Wolf-Man transformations have been spectacles of cinema for years from the original Wolf Man to the famous transformation scene in An American Werewolf in London. In this film the transformation is painfully slow and gruesome with bits of Blake slowly falling away: teeth, hair, hearing, and even mental comprehension. It’s a sad and horrifying balance of physical and mental metamorphosis that builds up a lot of the film’s suspense and terror.

Image credit: Fernby Films

With solid performances, well-timed suspense and jump scares, and interesting audio and visual techniques to convey the internal transformation of the protagonist, Wolf Man is a compelling film that makes the most of a minimal cast and predictable narrative.
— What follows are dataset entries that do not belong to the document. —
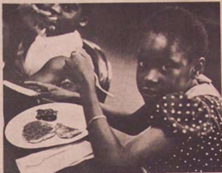
Black Panther Party Free Breakfast Program

The organized Black press is concerned about advertising revenue being siphoned off from the Black-owned press to these White-owned ventures which would seriously threaten the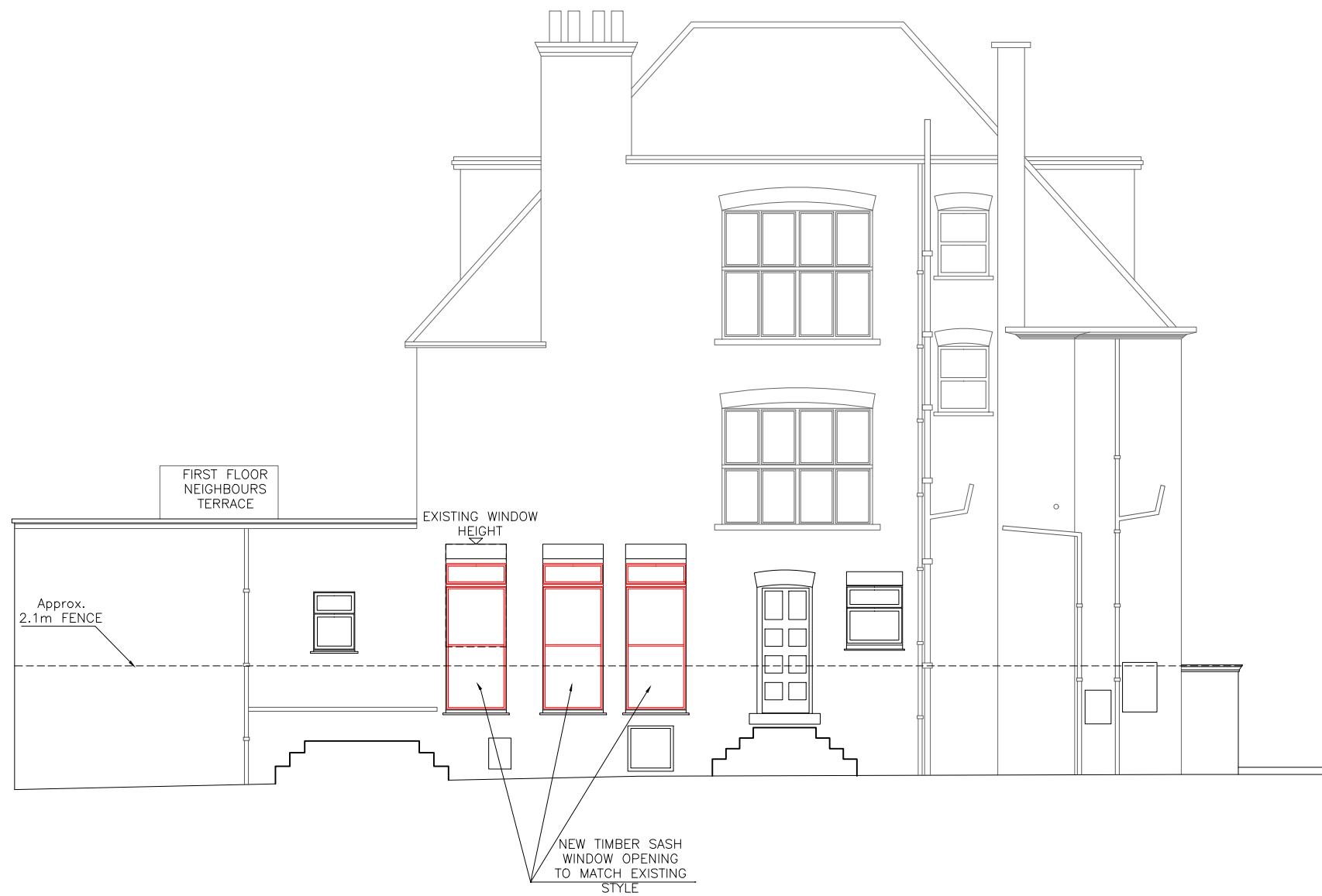
PROPOSED SIDE (WEST) ELEVATION

THIS DRAWING AND DESIGN IS THE PROPERTY OF AS-STUDIO LTD AND MUST NOT BE ISSUED, LOANED OR COPIED WITHOUT WRITTEN CONSENT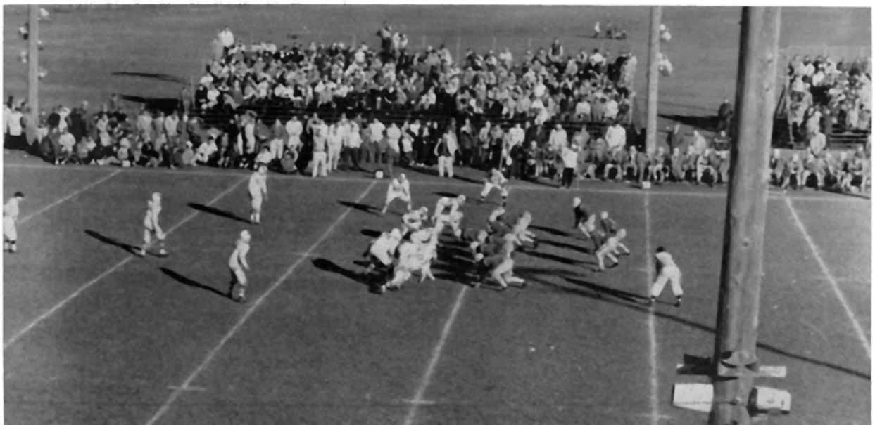
The "Big Red" fought hard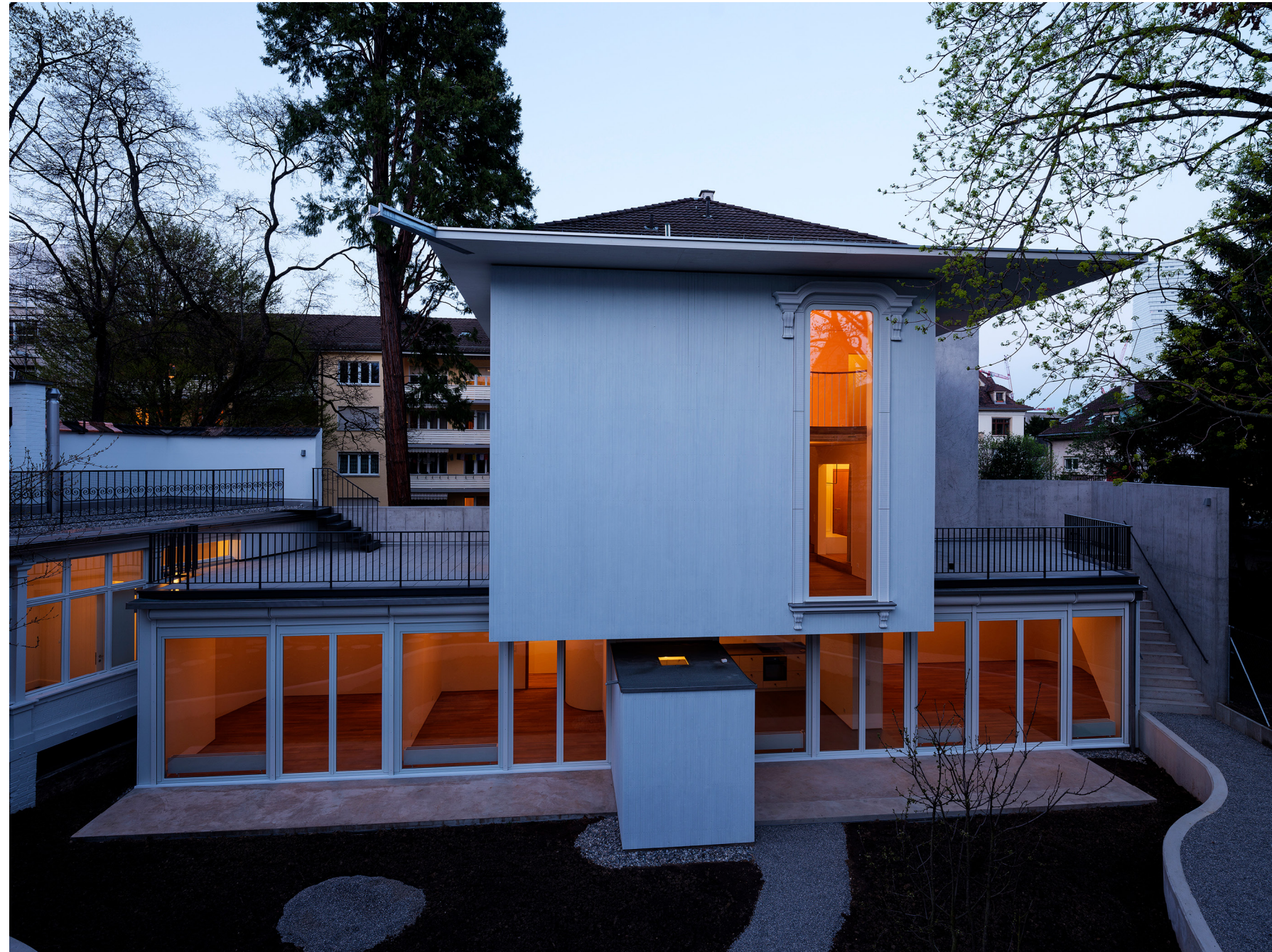
Villa Hammer Sauter von Moos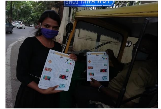
Distributing flyers to the auto drivers at Bangalore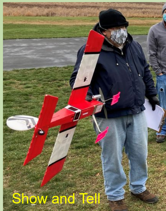
Show and Tell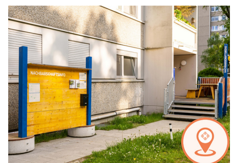
NEIGHBOURHOOD MEETING PLACE

There are three different themed areas: Bee Playground, Water Playground and climbing playground. Here your children can let off steam undisturbed. On your marks, get set, go!

Director: Leigh Whannell, 2025

Cast: Christopher Abbott, Julia Garner, Matilda Firth, Sam Jaeger, Zac Chandler & Benedict Hardie

Tuesday, September 30, 2025

Thunderbolts

Image credit: IMDb
Reluctant, unexpected, and antiheroes are characters that always add a bit of fun and spice to a genre that can be stifled and restricted by its narrative binaries of good vs. evil. While the superhero genre works similarly to fantasy, with magic being replaced by science-fiction explanation, it ventures further into the unexplored frontier of the human condition than the former, examining the swings between anticipated and contradictory behaviours in people in tandem with their personalities and their social, mental, economical, and geographical environments. The narrative aspect of the antihero or unexpected hero is a popular one in the superhero genre, as it explores the dichotomy of good and evil by truncating and localising it to within the personal parameters of the individual. It then grows from there, case in point: Batman.

What station did this train of thought come from? I recently sat down and watched Marvel’s Thunderbolts.

A group of mercenaries are sent on an assignment by CIA director Valentina Allegra de Fonataine to eradicate some loose ends that tie the director to the O.X.E Group’s ‘Sentry’ project to create a new ultimate superhuman. But upon arrival they realise that the assignment is a trap and they are the ‘loose ends’. Working together to fight their way out, the group then make it their mission to ensure that Valentina is impeached for her crimes, but things take a turn when one of their number is revealed to be a successful patient of the ‘Sentry’ procedure. Unfortunately, the procedure also empowered the dark alter-ego of Bob, the amnesiac patient, and suddenly a quest of revenge turns into one of saving the world from The Void.

Thunderbolts has been loosely labelled as Marvel’s Suicide Squad, but the similarities between the two films really do stop at the fact that the superhero group is made up of not-superheroes. While Suicide Squad was about villains being put into a position where they have to save the day, Thunderbolts is made up of a rag-tag team of impressive people who are remorseful about their past actions. The line-up includes former Black Widow Yelena Bolova, Red Guardian Alexei Shostakov, Captain America understudy John Walker, Ghost Ava Starr, and the Winter Soldier Bucky Barnes.

Image credit: IMDb

The film is an exploration into the mental minefield of anxiety and depression and the ways we can get through it. Imposter syndrome rans rampant throughout the team, but it’s through external support as well as internal fortitude that they can overcome their mental humps and help other people. While subtlety is not necessarily at the forefront of the film, with the Big Bad being a literal bipolar opposite to the Sentry, the nods to and explorations of various mental illnesses as well as everyday anxiety and depression bring the heroes down to earth and delivers a very encouraging message about exceptional people going through the same shit we do.

Like its predecessors, the film is a good balance of action, narrative exposition, character development, and comedy, with a refreshing take on the Avengers origin story of a group of exceptional people brought together to become something more.

Director: Jake Schreier, 2025

Cast: Florence Pugh, Sebastian Stan, Julia Louis-Dreyfus, Lewis Pullman, David Harbour, Wyatt Russell, Hannah John-Kamen, Geraldine Viswanathan, & Wendell Pierce

Thursday, September 4, 2025

Addams Family Values

Image credit: IMDb
Continuing on with our little trip down the creepy and kooky rabbit hole that has been sparked with the new season of Wednesday on Netflix, Partner and I curled up last weekend to indulge in the family fun and madness of Addams Family Values.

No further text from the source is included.